Documentation in OOP should avoid specifying whether or not a "getter" performs any computation?

Question

My school's CS program avoids any mention of object oriented programming, so I've been doing some reading on my own to supplement it -- specifically, Object Oriented Software Construction by Bertrand Meyer.

Meyer makes the point repeatedly that classes should hide as much information about their implementation as possible, which makes sense. In particular, he argues repeatedly that attributes (i.e., static, non-computed properties of classes) and routines (properties of classes that correspond to function/procedure calls) should be indistinguishable from each other.
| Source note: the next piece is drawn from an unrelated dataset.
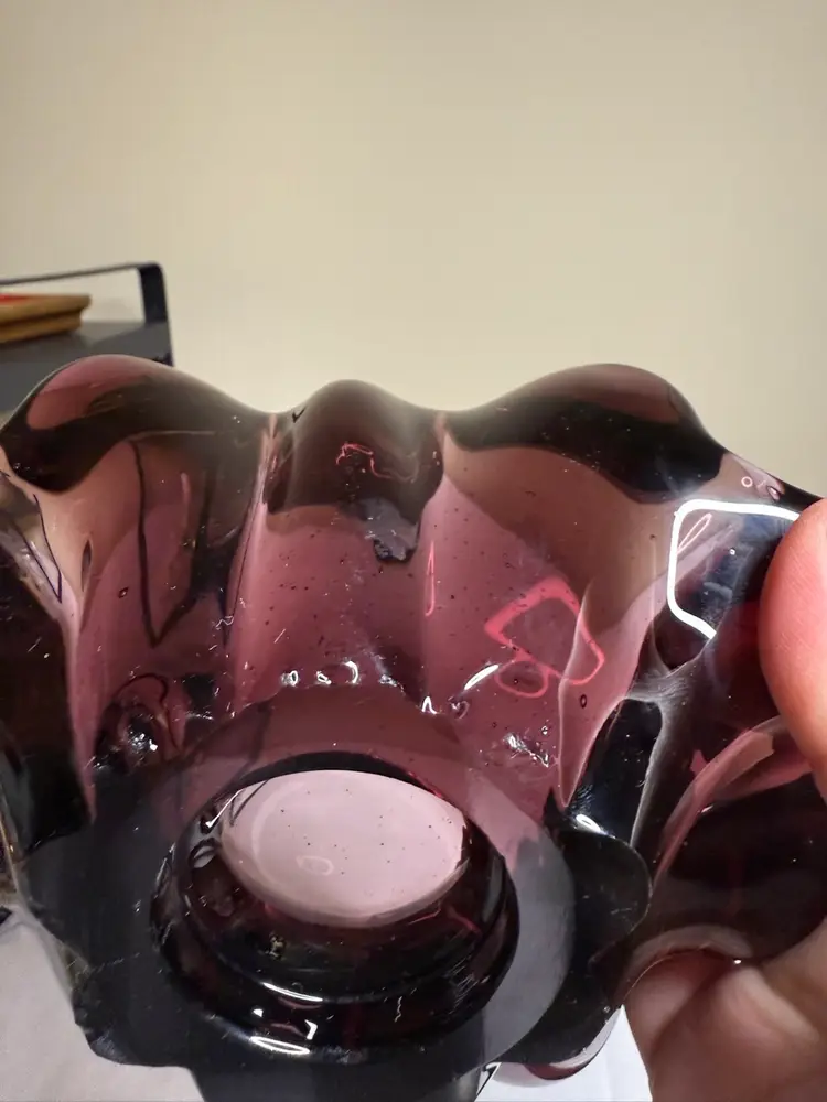 Stunning amethyst dish that could be used as an ashtray, candy, or trinket dish. Glows with 365 UV Light.
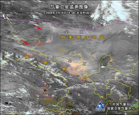 14日白天,內蒙古西部出現沙塵暴,甘肅民勤出現能見度僅300米的強沙塵暴。當天內蒙古、青海、甘肅、寧夏等地有6-7級風,局部地區(qū)達8級。今天當地的風力減弱了,但部分沙塵會順著強勁的西北風向東推移。北京今天正處于西北氣流控制,因而受到“牽連”。

For example, if a class Person has the attribute age, he asserts that it should be impossible to tell, from the notation, whether Person.age corresponds internally to something like return current_year - self.birth_date or simply return self.age, where self.age has been defined as a constant attribute. This makes sense to me. However, he goes on to claim the following:

The standard client documentation for a class, known as the short form of the class, will be devised so as not to reveal whether a given feature is an attribute or a function (in cases for which it could be either).
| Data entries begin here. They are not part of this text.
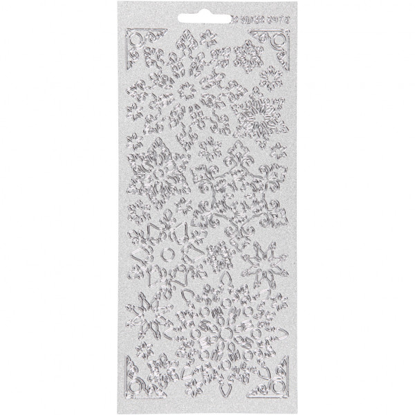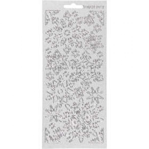 Stickers, vel 10x23 cm, perlemor sølv, zilver, sneeuwvlok, 1vel [HOB-170128]
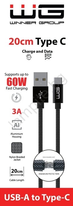 Winner Group - USB кабел USB-C / USB-A 60W 20 см черен
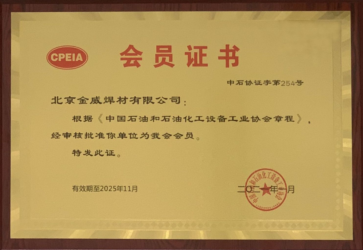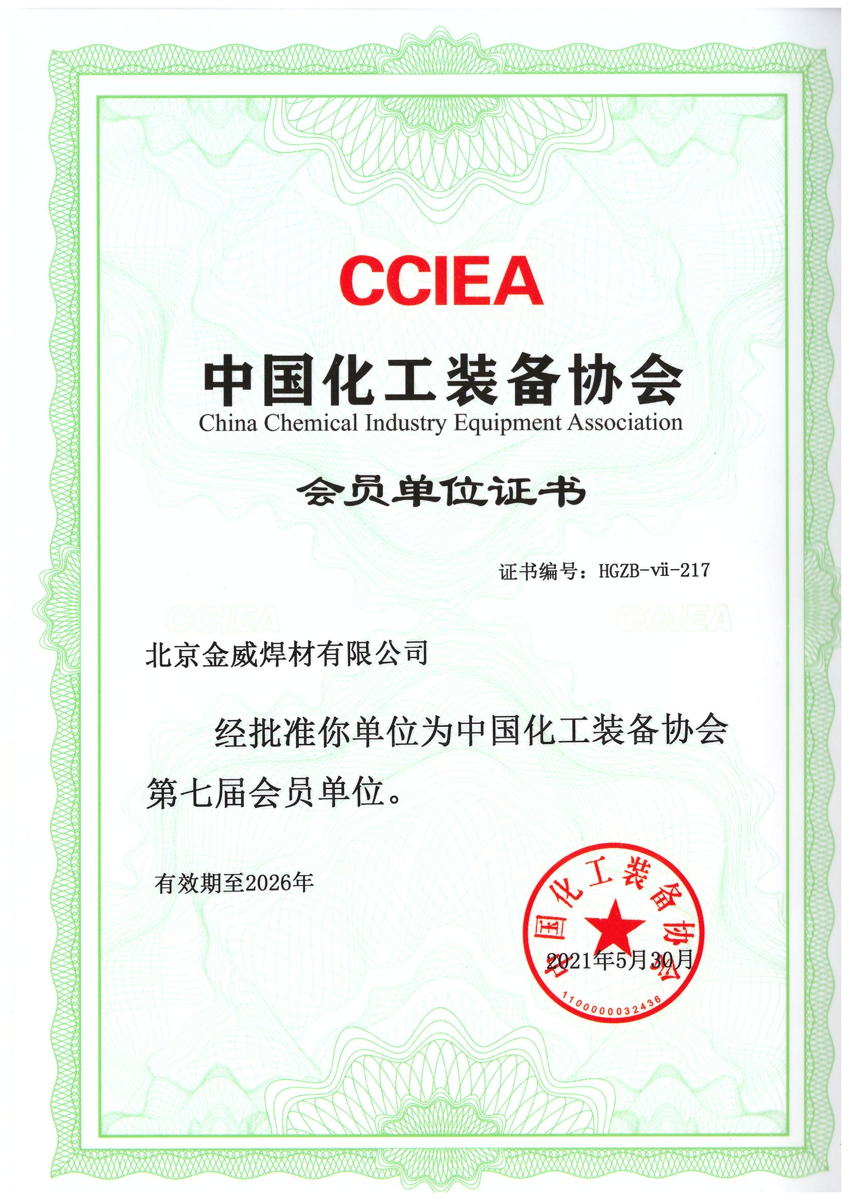 中国化工装备协会会员单位证书
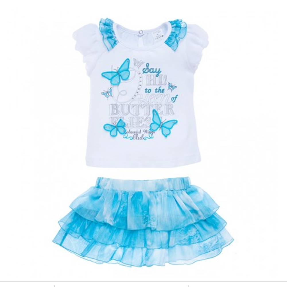 Бирюзовая фантазия (40113-16/41) – летний комплект от украинского бренда Garden Baby для девочки 4-5 лет. Состоит из футболки и юбки. Верх сшит из белого стрейч-кулира. Футболка имеет круглую горловину, застежку на спине, короткие рукава. Украшена принтом "голубые бабочки". Юбка из голубого шифона имеет пояс-резинку, оборки в три слоя.

i.e., he claims that even the documentation for the class should avoid specifying whether or not a "getter" performs any computation.

This, I don't follow. Isn't the documentation the one place where it would be important to inform users of this distinction? If I were to design a database filled with Person objects, wouldn't it be important to know whether or not Person.age is an expensive call, so I could decide whether or not to implement some sort of cache for it? Have I misunderstood what he's saying, or is he just a particularly extreme example of OOP design philosophy?

Answer 1

I don't think Meyer's point is that you shouldn't tell the user when you have an expensive operation. If your function is going to hit the database, or make a request to a webserver, and spend several hours computing, other code is going to need to know that.

But the coder using your class doesn't need to know whether you've implemented:

return currentAge;

or:

return getCurrentYear() - yearBorn;

The performance characteristics between those two approaches is so minimal it shouldn't matter. The coder using your class really shouldn't care which you have. That's meyer's point.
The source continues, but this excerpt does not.